▸ ACTION ITEM:
All that is wanted is the exact text of the lines below from the one with "Αυτή η ηλεκτρονική" through the one with "talks to it.", inclusive, minus any pictures.

▸ DATA FOR ANALYSIS:
════════════════════
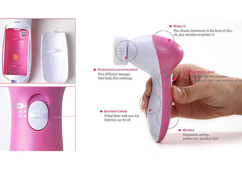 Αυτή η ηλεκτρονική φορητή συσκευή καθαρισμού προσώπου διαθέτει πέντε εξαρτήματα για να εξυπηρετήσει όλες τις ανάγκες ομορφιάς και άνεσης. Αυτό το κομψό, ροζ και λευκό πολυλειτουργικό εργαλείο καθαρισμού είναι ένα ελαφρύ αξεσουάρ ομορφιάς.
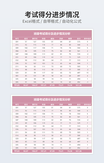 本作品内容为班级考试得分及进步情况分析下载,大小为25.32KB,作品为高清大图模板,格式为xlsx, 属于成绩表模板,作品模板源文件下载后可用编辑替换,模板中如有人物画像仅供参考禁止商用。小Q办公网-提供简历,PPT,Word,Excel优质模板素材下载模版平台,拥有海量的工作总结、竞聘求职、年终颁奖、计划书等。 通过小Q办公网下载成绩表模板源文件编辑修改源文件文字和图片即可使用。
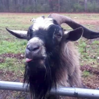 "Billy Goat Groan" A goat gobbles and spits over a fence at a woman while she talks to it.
════════════════════
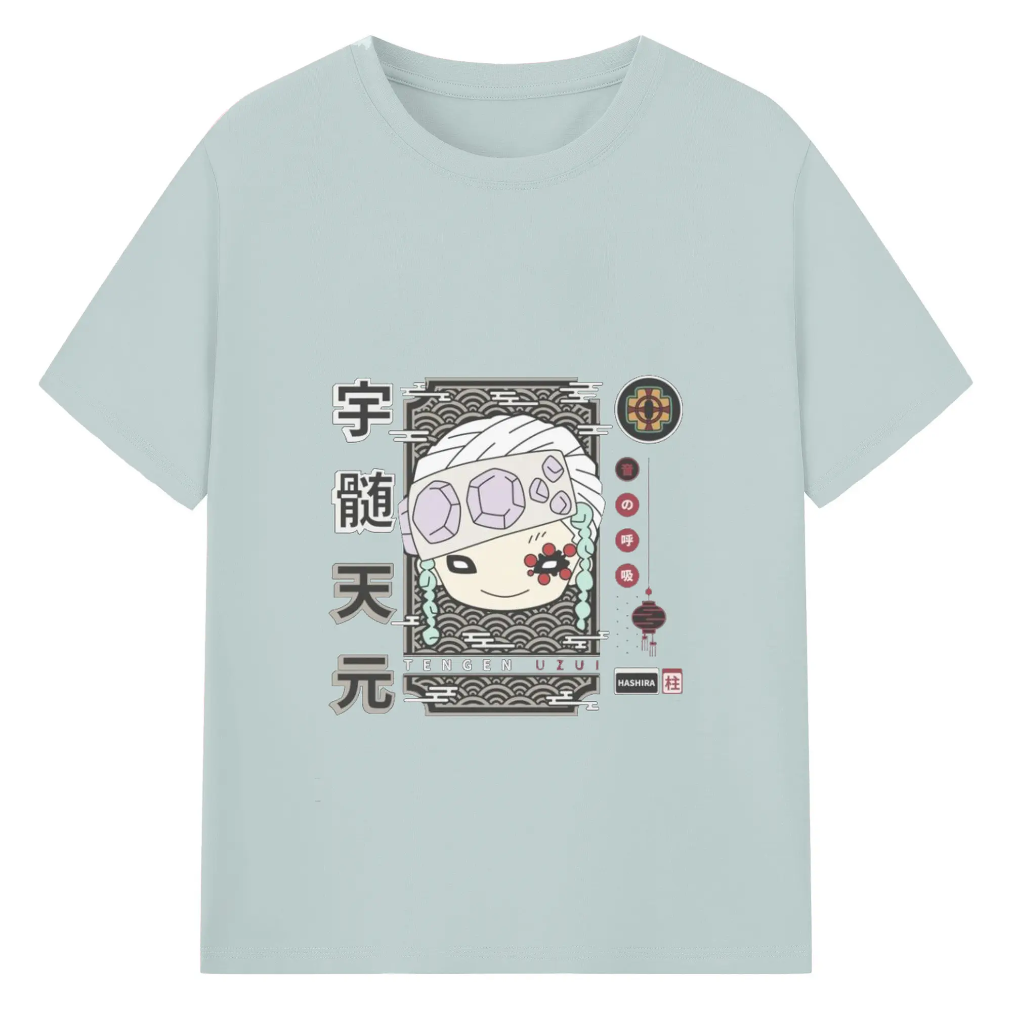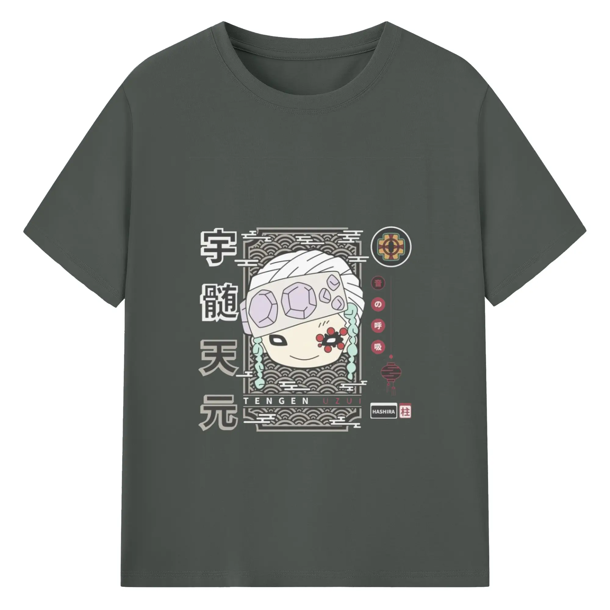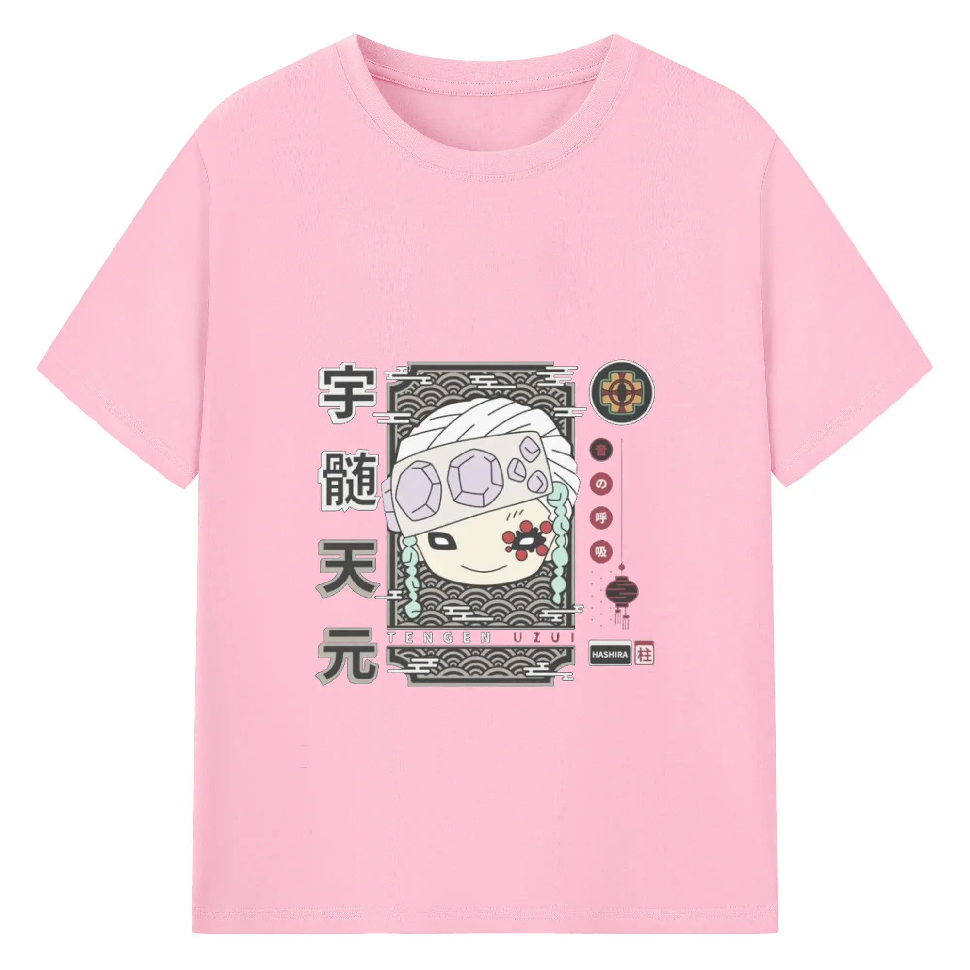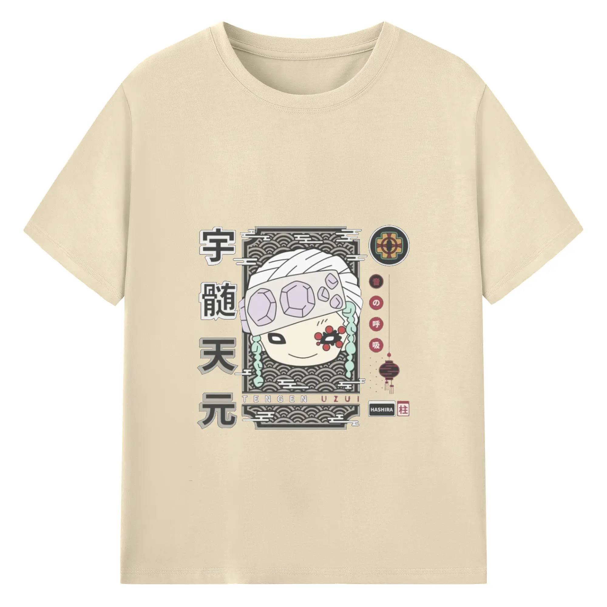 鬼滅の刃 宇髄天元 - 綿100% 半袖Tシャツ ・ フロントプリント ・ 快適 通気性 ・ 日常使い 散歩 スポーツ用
════════════════════
▸ RESULT:
 Αυτή η ηλεκτρονική φορητή συσκευή καθαρισμού προσώπου διαθέτει πέντε εξαρτήματα για να εξυπηρετήσει όλες τις ανάγκες ομορφιάς και άνεσης. Αυτό το κομψό, ροζ και λευκό πολυλειτουργικό εργαλείο καθαρισμού είναι ένα ελαφρύ αξεσουάρ ομορφιάς.
 本作品内容为班级考试得分及进步情况分析下载,大小为25.32KB,作品为高清大图模板,格式为xlsx, 属于成绩表模板,作品模板源文件下载后可用编辑替换,模板中如有人物画像仅供参考禁止商用。小Q办公网-提供简历,PPT,Word,Excel优质模板素材下载模版平台,拥有海量的工作总结、竞聘求职、年终颁奖、计划书等。 通过小Q办公网下载成绩表模板源文件编辑修改源文件文字和图片即可使用。
 "Billy Goat Groan" A goat gobbles and spits over a fence at a woman while she talks to it.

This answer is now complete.